*** RECORDS Section Begins ***

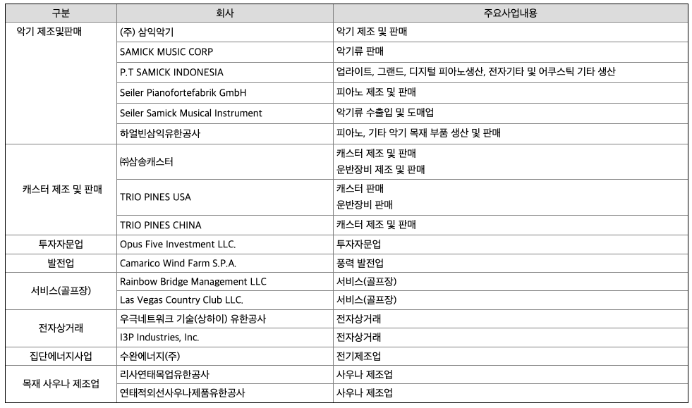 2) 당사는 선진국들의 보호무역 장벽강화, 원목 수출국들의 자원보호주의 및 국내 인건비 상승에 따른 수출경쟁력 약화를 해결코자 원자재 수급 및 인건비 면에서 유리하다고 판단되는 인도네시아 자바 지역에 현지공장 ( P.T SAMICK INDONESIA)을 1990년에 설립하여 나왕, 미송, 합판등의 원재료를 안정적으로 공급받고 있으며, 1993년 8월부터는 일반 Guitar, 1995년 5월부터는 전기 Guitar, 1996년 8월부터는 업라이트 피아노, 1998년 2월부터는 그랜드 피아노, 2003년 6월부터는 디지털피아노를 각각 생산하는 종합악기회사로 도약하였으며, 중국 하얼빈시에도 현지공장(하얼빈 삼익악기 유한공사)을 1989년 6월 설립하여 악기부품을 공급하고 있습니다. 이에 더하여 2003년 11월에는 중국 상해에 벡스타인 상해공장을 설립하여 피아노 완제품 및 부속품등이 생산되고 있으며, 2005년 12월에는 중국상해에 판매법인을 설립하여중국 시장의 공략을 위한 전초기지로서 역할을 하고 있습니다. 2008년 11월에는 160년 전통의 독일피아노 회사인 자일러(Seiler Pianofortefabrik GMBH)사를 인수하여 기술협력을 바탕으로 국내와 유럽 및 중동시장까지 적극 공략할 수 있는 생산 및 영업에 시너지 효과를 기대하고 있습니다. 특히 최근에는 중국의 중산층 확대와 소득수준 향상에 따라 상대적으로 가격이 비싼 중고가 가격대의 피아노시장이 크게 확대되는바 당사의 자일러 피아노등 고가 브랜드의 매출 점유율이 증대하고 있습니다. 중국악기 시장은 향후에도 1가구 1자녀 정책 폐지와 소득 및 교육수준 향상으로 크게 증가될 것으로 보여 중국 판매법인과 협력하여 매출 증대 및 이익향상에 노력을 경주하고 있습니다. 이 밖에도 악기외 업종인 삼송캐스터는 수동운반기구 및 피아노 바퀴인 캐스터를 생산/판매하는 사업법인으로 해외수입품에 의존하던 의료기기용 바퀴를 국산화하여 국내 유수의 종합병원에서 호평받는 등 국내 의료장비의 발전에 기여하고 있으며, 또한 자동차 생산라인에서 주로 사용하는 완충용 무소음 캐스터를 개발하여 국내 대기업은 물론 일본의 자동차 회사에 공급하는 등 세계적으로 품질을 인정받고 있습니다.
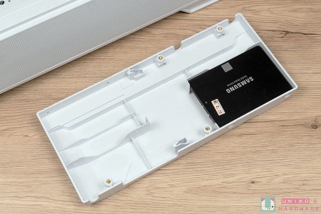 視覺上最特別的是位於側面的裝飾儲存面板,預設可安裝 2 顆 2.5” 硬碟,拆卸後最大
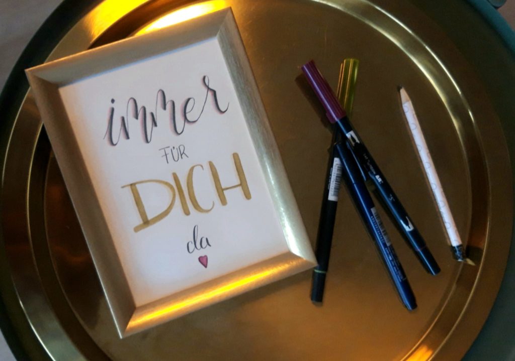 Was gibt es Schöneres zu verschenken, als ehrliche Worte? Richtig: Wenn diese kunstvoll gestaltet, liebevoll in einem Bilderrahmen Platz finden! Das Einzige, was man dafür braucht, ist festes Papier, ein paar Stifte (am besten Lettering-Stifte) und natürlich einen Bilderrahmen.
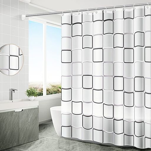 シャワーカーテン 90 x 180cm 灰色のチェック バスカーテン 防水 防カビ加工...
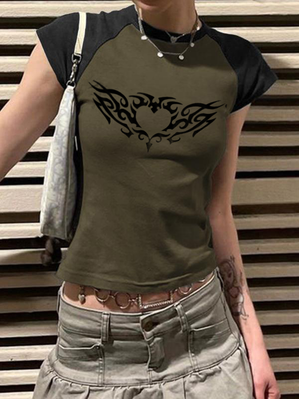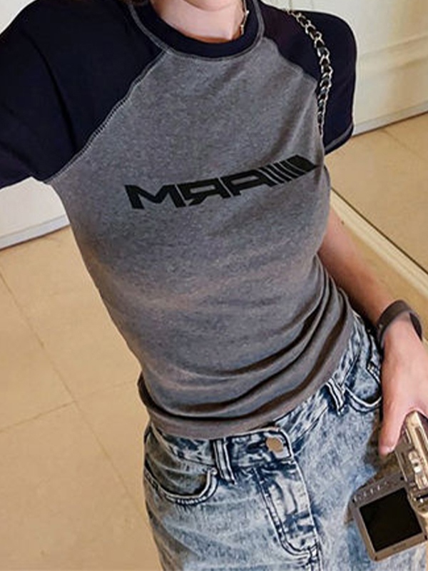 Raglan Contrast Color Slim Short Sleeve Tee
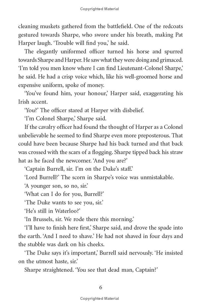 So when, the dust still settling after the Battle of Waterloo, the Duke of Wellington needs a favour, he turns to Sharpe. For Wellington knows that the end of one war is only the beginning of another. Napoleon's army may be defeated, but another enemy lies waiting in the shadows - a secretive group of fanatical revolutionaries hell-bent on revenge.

*** RECORDS Section Ends ***

REQUIRED WORK
Each line from the beginning of the entries up to and including the one containing "視覺上最特別的是位於側面的裝飾儲存面板,預設可安裝 2 顆" must be restated exactly. Pictures are to be left out.

RESPONSE BOX
 2) 당사는 선진국들의 보호무역 장벽강화, 원목 수출국들의 자원보호주의 및 국내 인건비 상승에 따른 수출경쟁력 약화를 해결코자 원자재 수급 및 인건비 면에서 유리하다고 판단되는 인도네시아 자바 지역에 현지공장 ( P.T SAMICK INDONESIA)을 1990년에 설립하여 나왕, 미송, 합판등의 원재료를 안정적으로 공급받고 있으며, 1993년 8월부터는 일반 Guitar, 1995년 5월부터는 전기 Guitar, 1996년 8월부터는 업라이트 피아노, 1998년 2월부터는 그랜드 피아노, 2003년 6월부터는 디지털피아노를 각각 생산하는 종합악기회사로 도약하였으며, 중국 하얼빈시에도 현지공장(하얼빈 삼익악기 유한공사)을 1989년 6월 설립하여 악기부품을 공급하고 있습니다. 이에 더하여 2003년 11월에는 중국 상해에 벡스타인 상해공장을 설립하여 피아노 완제품 및 부속품등이 생산되고 있으며, 2005년 12월에는 중국상해에 판매법인을 설립하여중국 시장의 공략을 위한 전초기지로서 역할을 하고 있습니다. 2008년 11월에는 160년 전통의 독일피아노 회사인 자일러(Seiler Pianofortefabrik GMBH)사를 인수하여 기술협력을 바탕으로 국내와 유럽 및 중동시장까지 적극 공략할 수 있는 생산 및 영업에 시너지 효과를 기대하고 있습니다. 특히 최근에는 중국의 중산층 확대와 소득수준 향상에 따라 상대적으로 가격이 비싼 중고가 가격대의 피아노시장이 크게 확대되는바 당사의 자일러 피아노등 고가 브랜드의 매출 점유율이 증대하고 있습니다. 중국악기 시장은 향후에도 1가구 1자녀 정책 폐지와 소득 및 교육수준 향상으로 크게 증가될 것으로 보여 중국 판매법인과 협력하여 매출 증대 및 이익향상에 노력을 경주하고 있습니다. 이 밖에도 악기외 업종인 삼송캐스터는 수동운반기구 및 피아노 바퀴인 캐스터를 생산/판매하는 사업법인으로 해외수입품에 의존하던 의료기기용 바퀴를 국산화하여 국내 유수의 종합병원에서 호평받는 등 국내 의료장비의 발전에 기여하고 있으며, 또한 자동차 생산라인에서 주로 사용하는 완충용 무소음 캐스터를 개발하여 국내 대기업은 물론 일본의 자동차 회사에 공급하는 등 세계적으로 품질을 인정받고 있습니다.
 視覺上最特別的是位於側面的裝飾儲存面板,預設可安裝 2 顆 2.5” 硬碟,拆卸後最大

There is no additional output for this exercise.